The grief, the pain are real and sometimes overwhelming, but I cannot deny the comfort I have found, the joy I have found in knowing Christ Jesus my Savior as I never have before.
And that is the goal, is it not? That is the purpose of our lives as believers. To know Christ Jesus our Lord. To say with the apostle Paul that everything is a loss compared to the surpassing worth of knowing Christ. (Philippians 3:7-11)
Our pursuit is to gain Christ, not to avoid troubles. Our joy is found in Him, not in our comfort.
In the face of all that is not okay, I know Jesus. I am clinging to the One who has overcome the world and whose power is made perfect in my weakness. (II Corinthians 12:9-10) What greater treasure can we know this side of eternity?! Abiding in the One who walks with us through affliction, who is ever forming us to be more like Him. (II Corinthians 3:18)
Hand in hand with knowing Christ through affliction, the reality of Heaven comforts and fills me with hope.
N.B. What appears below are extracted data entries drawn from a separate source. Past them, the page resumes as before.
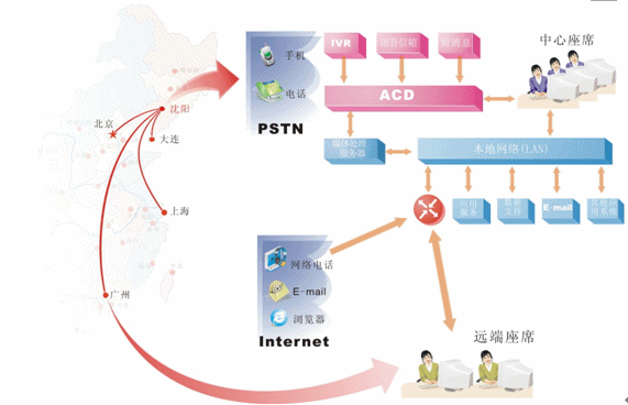 對于地區(qū)分布廣泛,而又要集中管理的企業(yè),可在各個局部地區(qū)設(shè)置遠端座席,并通過網(wǎng)絡(luò)方便的接入中心系統(tǒng)。我們?yōu)檫h端座席提供與中心座席完全相同的操作,遠端座席可以根據(jù)各個地區(qū)的特定情況有針對性的處理各個局部地區(qū)的業(yè)務(wù),為中心分流壓力,同時中心系統(tǒng)也可以完全掌握遠端座席的情況。我們可以非常明確的一點是:采用分布式座席的技術(shù),使得遠端座席與中心座席除了地域上的差異,其它部分完全相同?梢哉f只要網(wǎng)絡(luò)無極限,座席分布就是無極限的。
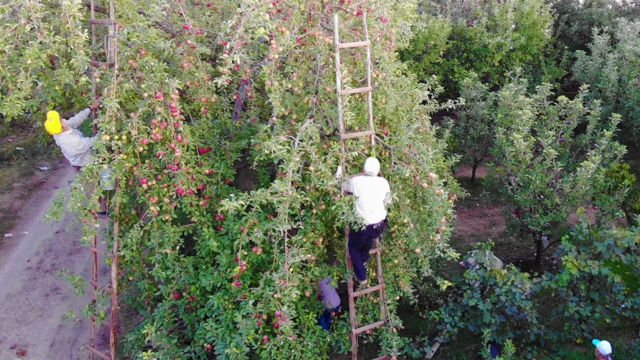 Diğer elma türleriyle birlikte toplamda 35 bin tondan fazla elma üretiminin beklendiği kentte erken saatlerden itibaren bahçelerin yolunu tutan çiftçiler merdivenlerle ağaçlara tırmanıp gün boyunca hasat yapıyor.
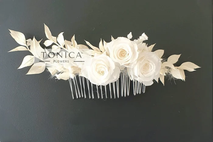 Pieptan par, 3 trandafir criogenat mici(dimensiune ≃ 6 cm) si plante uscate. Se poate realiza pe culorile dorite de client. Pentru personalizare va rugam sa ne contactati.
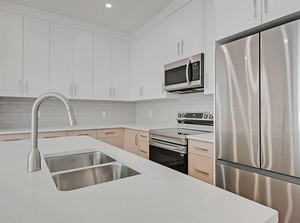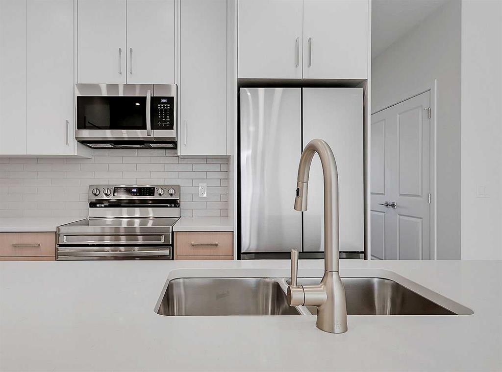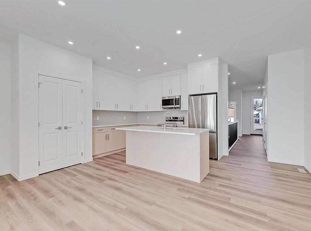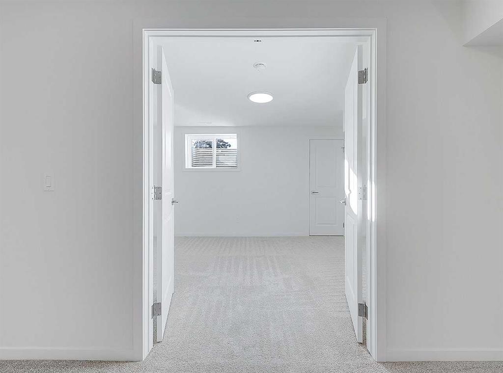 Inside, the home immediately impresses with elevated finish selections and a thoughtfully optimized layout designed for exceptional main-floor living. The stunning front entry features a custom-built railing, 9’ ceilings, an 8’ triple-pane door, and two walk-in closets offering ample storage. The chef-inspired kitchen showcases ceiling-height cabinetry locally crafted in Airdrie, all custom-made with soft-close technology, and paired with a fully upgraded premium appliance package. Timeless 3cm quartz countertops are featured throughout the home, creating a cohesive and elegant finish.
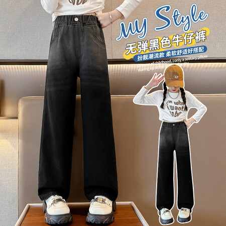 1*6下载“女童23秋黑色腰头喷白牛仔阔腿裤9523”图片包
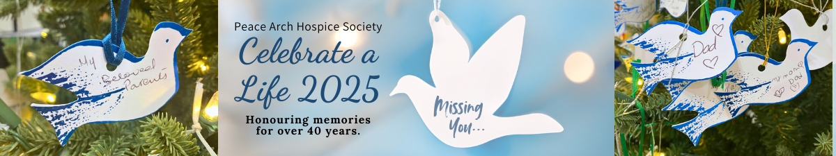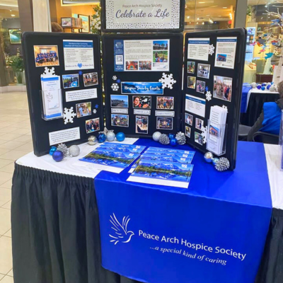Let our Hospice Society Volunteers help you honour a special person! Stop by our table at Semiahmoo Shopping Centre (outside of GS & Company) and write your loved one's name on a paper dove, free of charge, and hang it on our Celebrate a Life Tree.
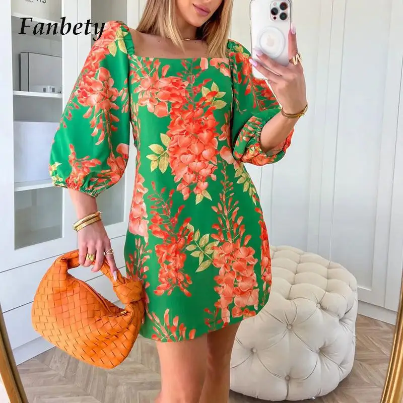 Женское ТРАПЕЦИЕВИДНОЕ ПЛАТЬЕ с принтом, Элегантное повседневное платье с рукавом-фонариком и открытыми плечами, Пляжное Дамское Платье, в...
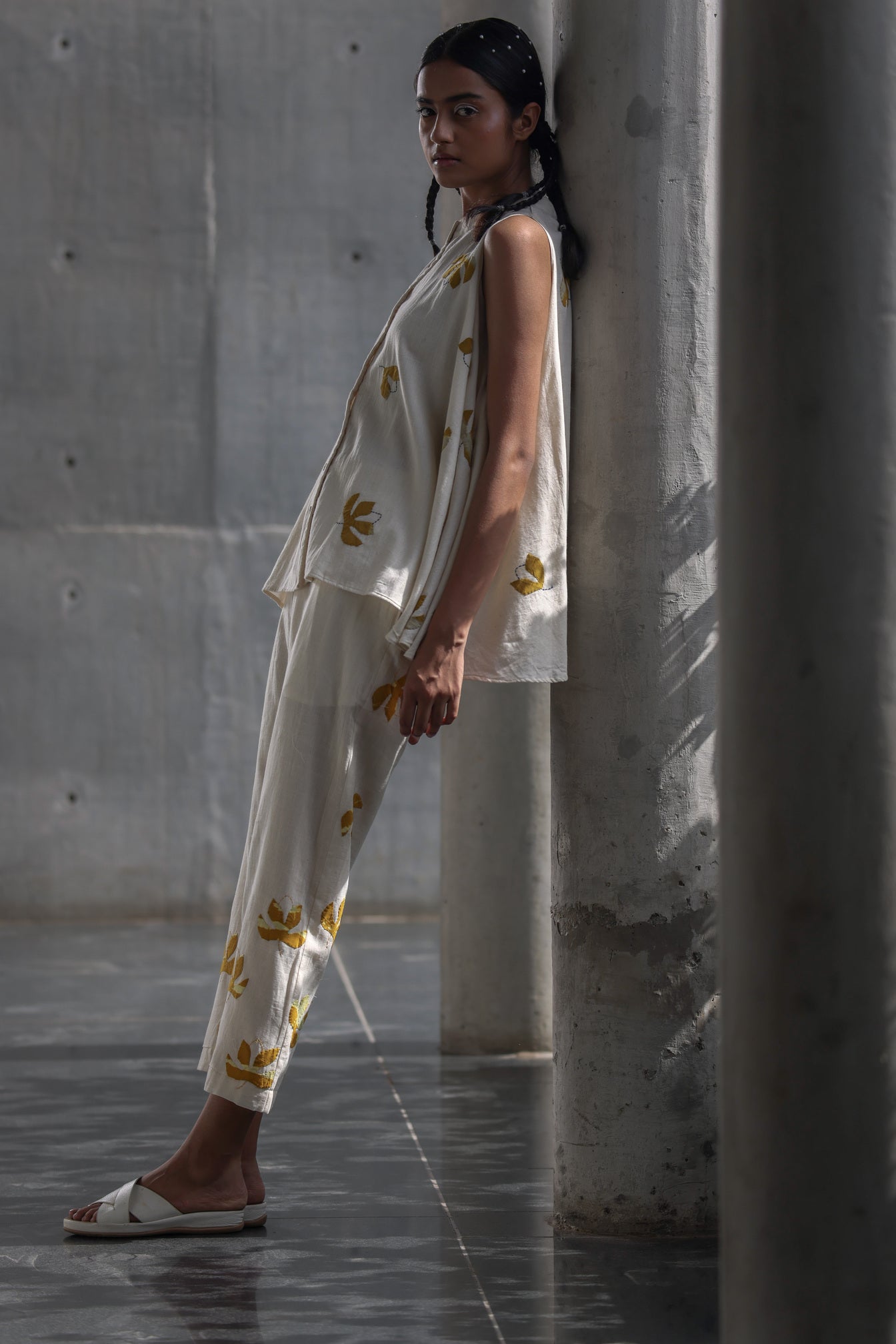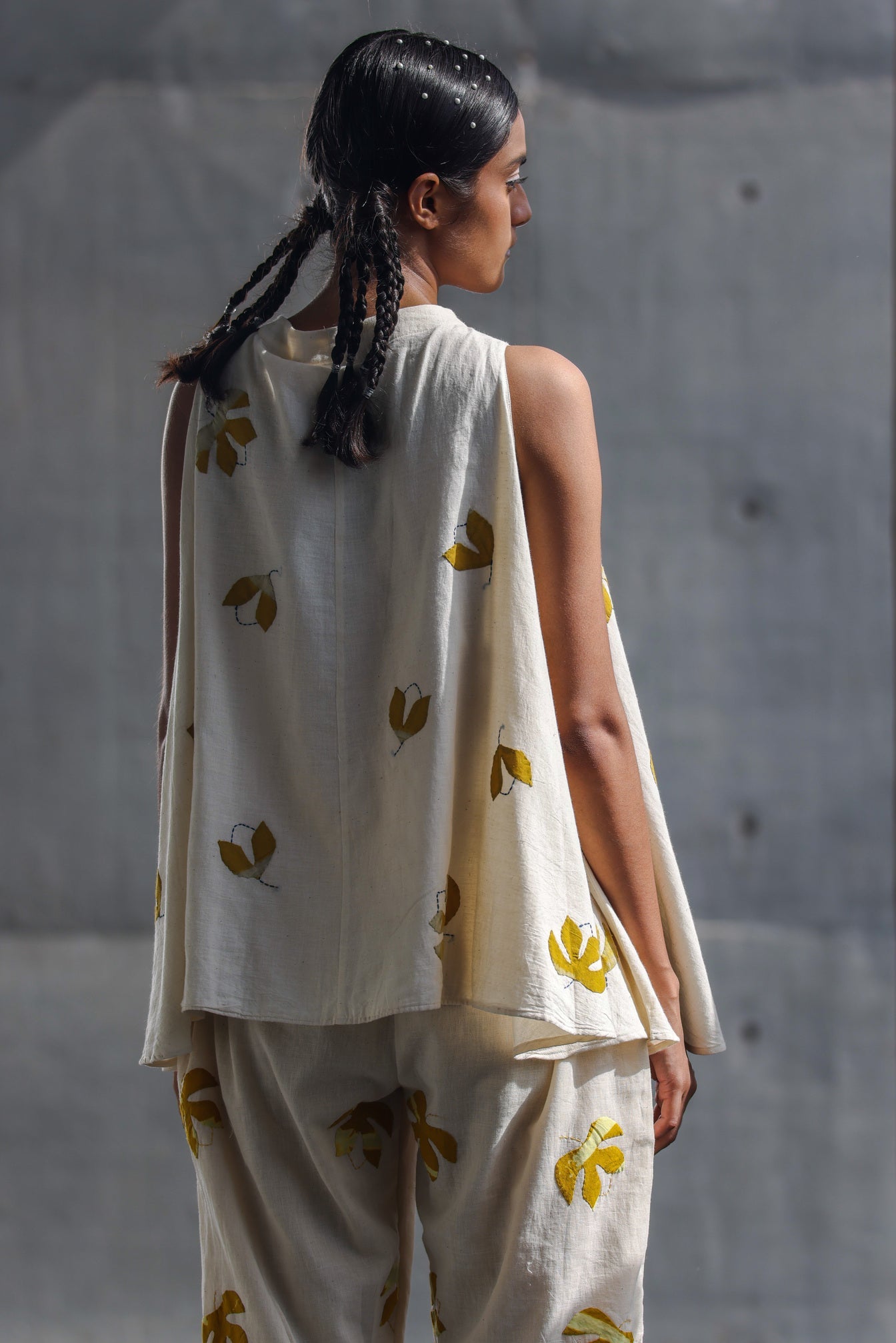 A swingy A-line tent top with flower applique details. Features a round neck and front button placket.
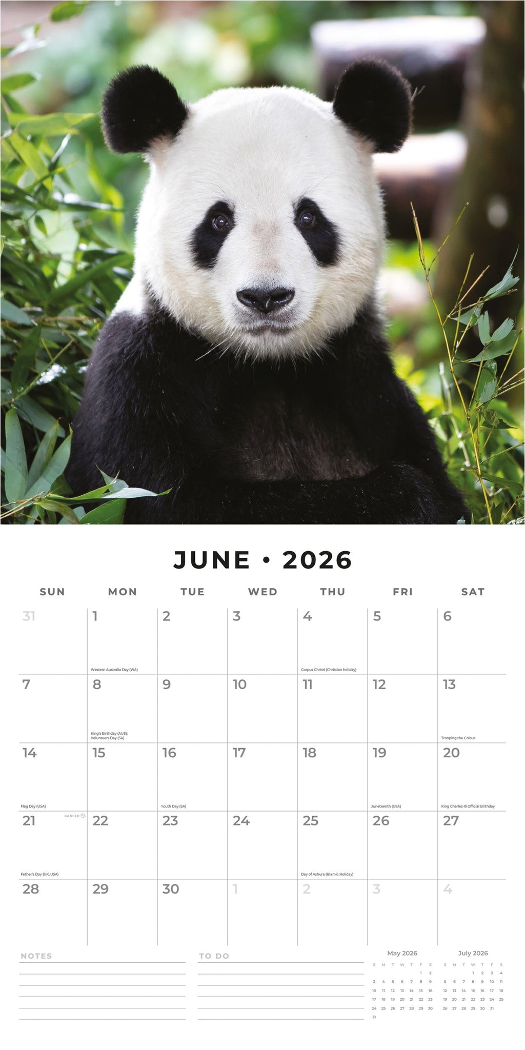 Step into the year ahead with our exquisite 2026 Pandas - Square Wall Calendar, featuring 12 stunning 30 x 30 cm photos of pandas—one for each month. Each image captures the essence of the theme, bringing beauty and inspiration to your space all year long.
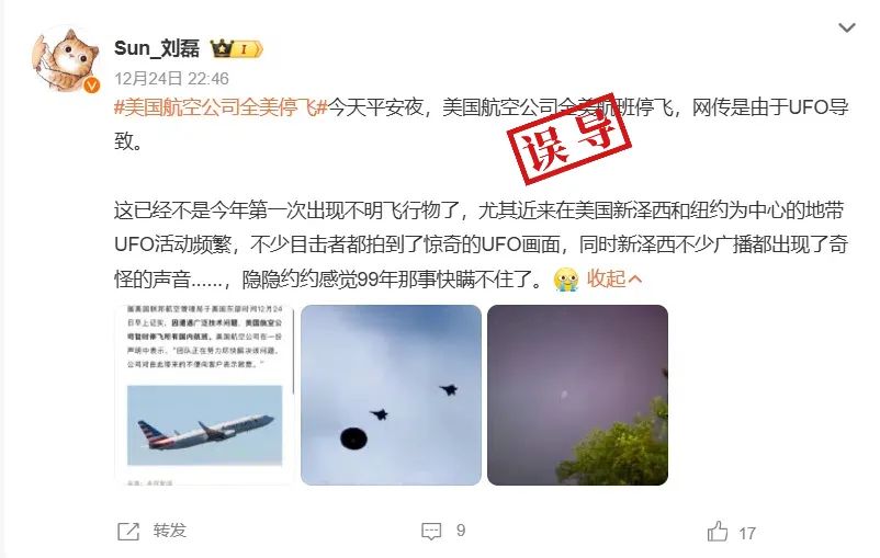 - 12月24日,美国航空公司网爆(American Airlines)停飞航班是由“不明飞行物”引起的。(UFO)由此产生的说法缺乏明确的证据。有关视频已于2023年10月出现,视频疑似采用飞行模拟器加工而成。
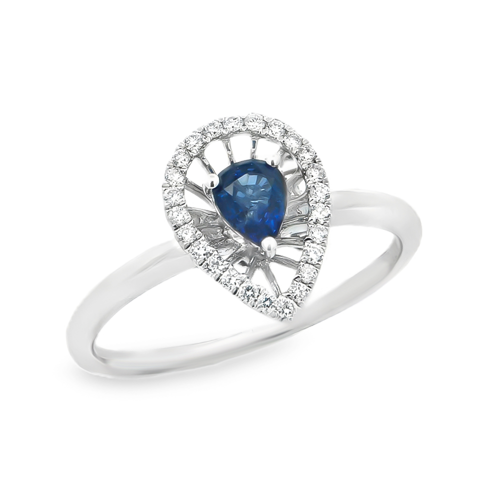 Δαχτυλίδι εντυπωσιακό με ζαφείρι σε pear shape και διαμάντια από λευκόχρυσο 18k

This world, riddled with pain and stained with sin, is not my home.
Heaven is not here, it’s There. If we were given all we wanted here, our hearts would settle for this world rather than the next. God is forever luring us up and away from this one, wooing us to Himself and His still invisible Kingdom, where we will certainly find what we so keenly long for.
Longing to be with Jesus. Longing for Heaven, where the pain, the grief, the heartache are gone forever. The hints and precious glimpses along my journey with Dad – the moments when Heaven invades the heartache of my world – are sweet and unforgettable. They are tangible reminders that Christ is present with us here and now, and that one day, He will return to bring us home.
These comforts of knowing Jesus through suffering and longing for my home in Heaven are ever-expanding realities. Realities that break open and spill all over my days of grief and joy, sorrow and longing.
It won’t be long before my friend and I are back at out favorite spot watching the sun rise over the lake. I rejoice, for the Lord’s constancy and goodness, heralded by the sunrise, are present throughout my day!
With the new hope the sunrise brings every morning, I am reminded of my eternal home where pain and evil are no more. I am reminded that the same Faithful One who unfolds the dawn is the One present with me in the pain.
In the midst of my afflictions, He is making me more like Him and increasing my longing for home.